Broader definitions might be used, for example "data about data and the processes and environment involved in the generation of data" but I doubt whether this is helpful (probably it is even more ambiguous!).
2. Metadata is normally used and designed (upfront) for exchange and interoperability, i.e. information foreseen to be consumed only by a particular system/application can hardly be treated as metadata.
3. An important feature of metadata, compared with "plain" data is open structure, genericity and extensibility. This does not mean that formal syntax and semantics is not necessary (on the contrary - both are indispensable and some defined structure is absolutely required for any practical use and interoperability).
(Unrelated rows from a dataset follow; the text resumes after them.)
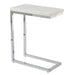 Modern and elegant, the Echo "C" Table adds surface area anywhere you need it. Great for use with a sectional or as an End Table, this table has a white marble top and a chrome-finished metal base that adds sparkle and shape to any room. Use in the middle of a large Sectional to give added work or drink surface.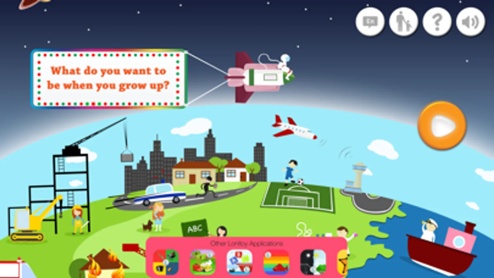 Twelve professions are introduced in this section. On each screen, a character dressed in a professional outfit or uniform appears. Each time your child taps a character, the character will say what he/she does. The four buttons on the right-hand side of the screen display items which are related to that profession.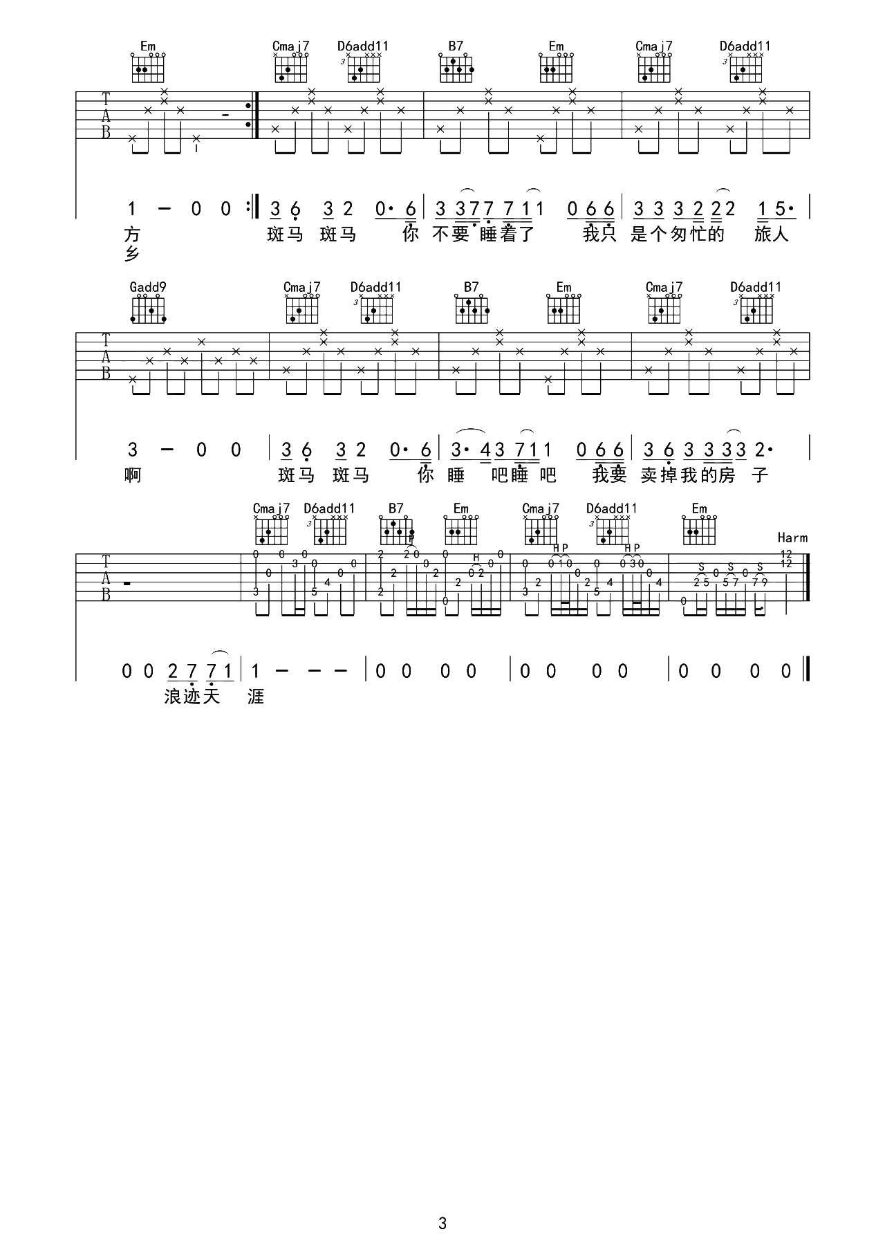 曲谱介绍: 斑马斑马吉他谱,宋冬野演唱的民谣歌曲,伤感曲调唱着心底深处的忧伤。 《斑马斑马》吉他弹唱谱,选用G调指法编配,标准调音弹唱,无需使用变调夹,含完整前奏按原版编配,随谱附本曲的吉他演示+保姆级的教学视频,供大家参考。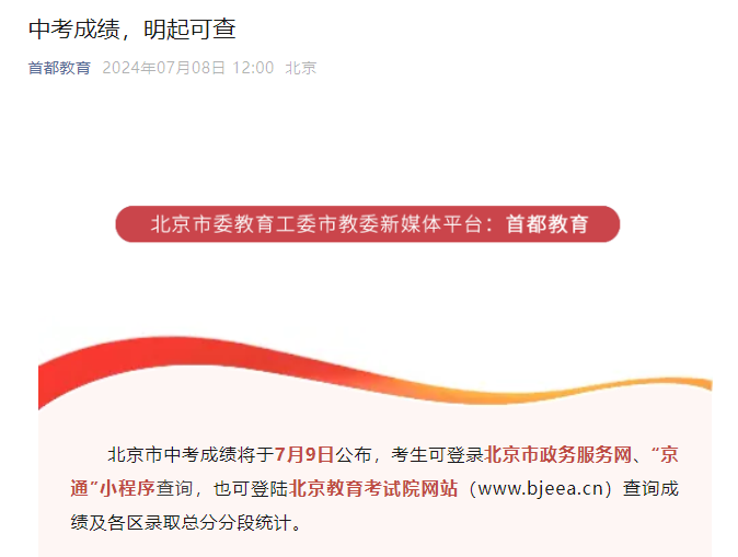 從北京市教育委員會(huì)獲悉,2024年北京中考成績(jī)查詢(xún)時(shí)間、查分渠道及入口已公布,7月9日起,具體詳情如下:

However, the metadata representation method and technology should allow the continuous definition of new data elements, albeit conforming to the original structure and with clear semantics. For instance, the metadata structure used in a system or a community should not require that all data element types and related semantics (e.g. vocabularies) are rigidly defined a priori, consequently, that any addition of data elements would require a modification in a community data model/standard. In other words, metadata is data that inherently supports evolution of data and related semantics (albeit in a structured and standard-conformant way) and, consequently, involves less "hard-coding" at the data model level (which BTW leads also to less "hard-coding" in technical implementations).
4. Relationships/associations are key in metadata and are certainly first-class citizens (while this might not hold for all types of data).
In fact, this (representation of most data elements as associations - with clear semantics - between entity instances) is an important enabler to achieve data structure evolution (as in point 3 above).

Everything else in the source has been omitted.